— Sage-femme de la nouvelle Mars, avait-il murmuré. Ça te va comme un gant. Tu n’as aucune raison de t’en vouloir pour quoi que ce soit.
Je l’avais regardé s’endormir, en songeant aux enfants que nous aurions un jour. Mais je n’étais plus si sûre, à présent, qu’un tel jour arriverait.
Il n’était pas difficile d’imaginer à quoi pouvait mener un tel pouvoir. Images d’Ahmed Crown Niger et de Freechild Dauble, dirigeants corrompus. Souvenirs de la Terre, si violente et si entière. Que ferait-elle quand elle saurait que Mars, la faible, la naïve et dangereuse Mars, possédait toute cette puissance ?
Elle le savait peut-être déjà. Elle avait peut-être pris des dispositions contre lesquelles nous ne pouvions rien.
Les Olympiens édifièrent un petit labo isolé à Melas Dorsa avec des fonds qu’ils possédaient déjà et sur un terrain offert par le MA de Klein. Melas Dorsa est une région relativement pauvre en cratères, coupée du Sud par des canyons peu profonds et parsemée de dunes basses. Elle n’a pas beaucoup d’eau ni de ressources naturelles.
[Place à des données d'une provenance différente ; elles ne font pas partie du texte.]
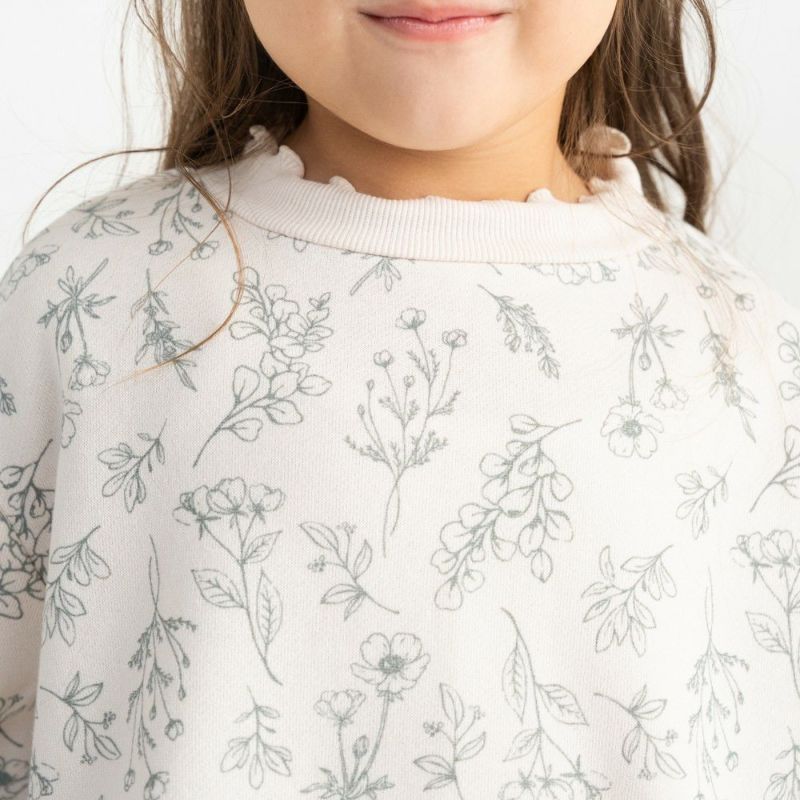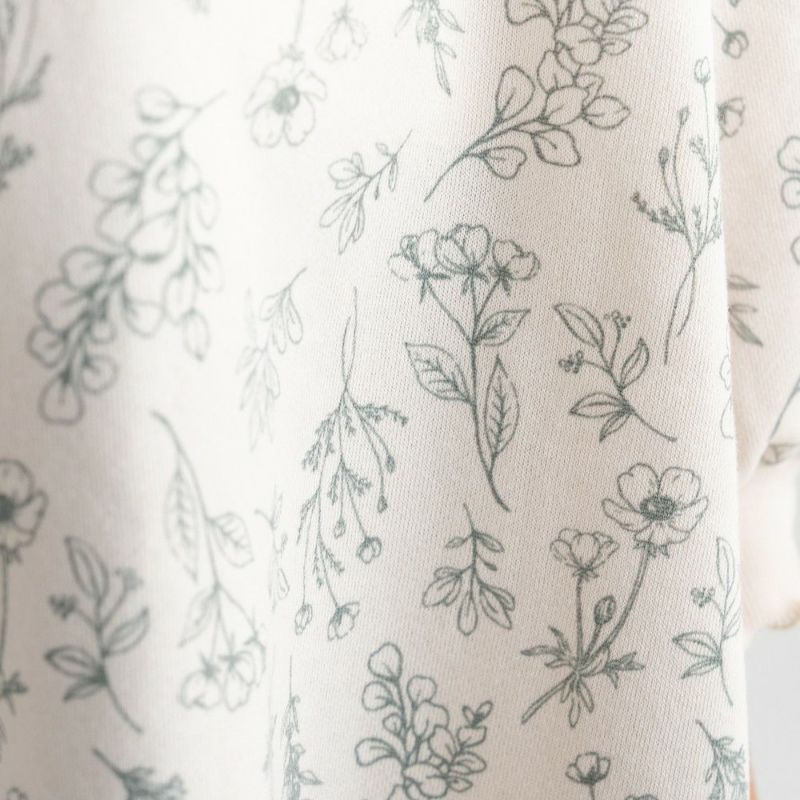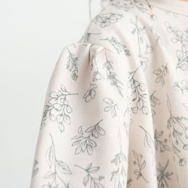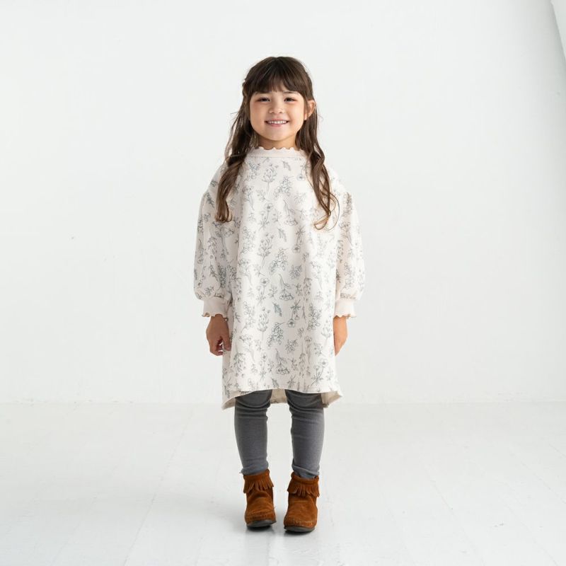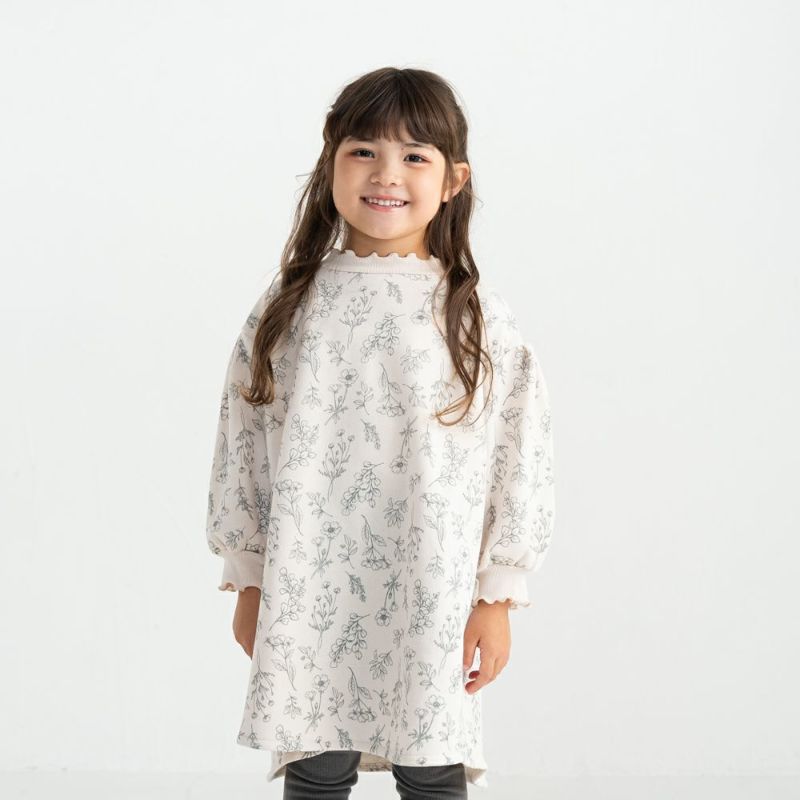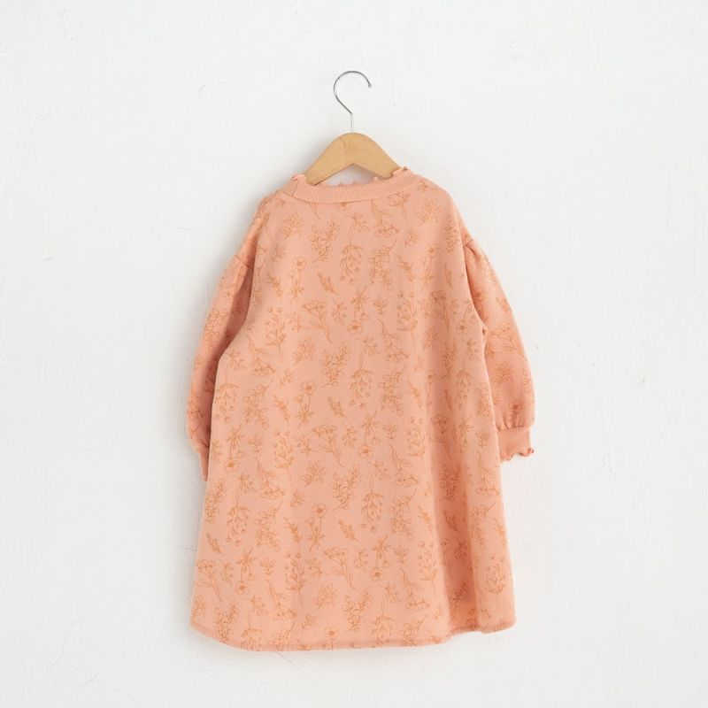 実用性の高いトレーナーワンピースにボタニカル花柄をあしらい、デイリーに使いたいワンピースが完成!お顔周りと袖口はメローフリルで飾って愛らしい装いに。裏毛起毛なので1枚であったか♡前後差のある技ありへムが抜け感を演出!

Même selon les critères de Mars, elle peut être considérée comme un désert.
J’y allai seule pour assister à la démonstration. Ti Sandra avait à Elysium une réunion imprévue destinée à récolter des soutiens pour le nouveau gouvernement parmi des délégués soudain nerveux et un gouverneur de district aux compétences marginales et à la cervelle étroite. Elle comptait sur moi pour que je sois ses yeux et ses oreilles, mais je sentais aussi qu’elle était terrorisée à l’idée de ce qu’ils pourraient nous montrer et devant l’importance lourde de conséquences du cadeau inattendu et non désiré qui nous était fait. Je n’étais pas plus courageuse qu’elle, mais j’avais peut-être un peu moins d’imagination.
Charles et Stephen Leander m’accompagnèrent sur le vol de la navette au départ de l’UMS. L’appareil portait les emblèmes du gouvernement : le drapeau martien et la mention « RFM » qui signifiait qu’il y avait des personnalités à bord. Nous avions rendez-vous au labo de Melas Dorsa avec deux savants impartiaux de Yamaguchi et Erzul, venus séparément de Rubicon City.
Il n’y avait pas de train à Melas Dorsa, et la station la plus proche se trouvait à plus de quatre cents kilomètres du labo. Charles tint à m’avertir qu’il n’y aurait pas beaucoup de confort.
Je lui jetai un regard accusateur.
— Crois-tu que le luxe soit si important pour moi ? Il ne l’est pas. Plus maintenant.
Leander, sentant que l’atmosphère était orageuse, s’appliquait à étudier le paysage qui défilait plusieurs dizaines de mètres en dessous de nous. Le vaisseau survola une crête basse puis prit de l’altitude pour éviter une succession de tourbillons de poussière diffuse.
Charles me regarda en battant des paupières, surpris par le ton de ma voix. Puis il prit son ardoise.
— Nous avons du retard à combler, me dit-il.
— J’ai lu tes articles. La plupart me dépassent largement.
Il hocha la tête.
— Les idées sont simples, cependant.
Il fronça les lèvres et haussa un sourcil.
— Es-tu prête à accepter certaines choses sur la seule base de la confiance ?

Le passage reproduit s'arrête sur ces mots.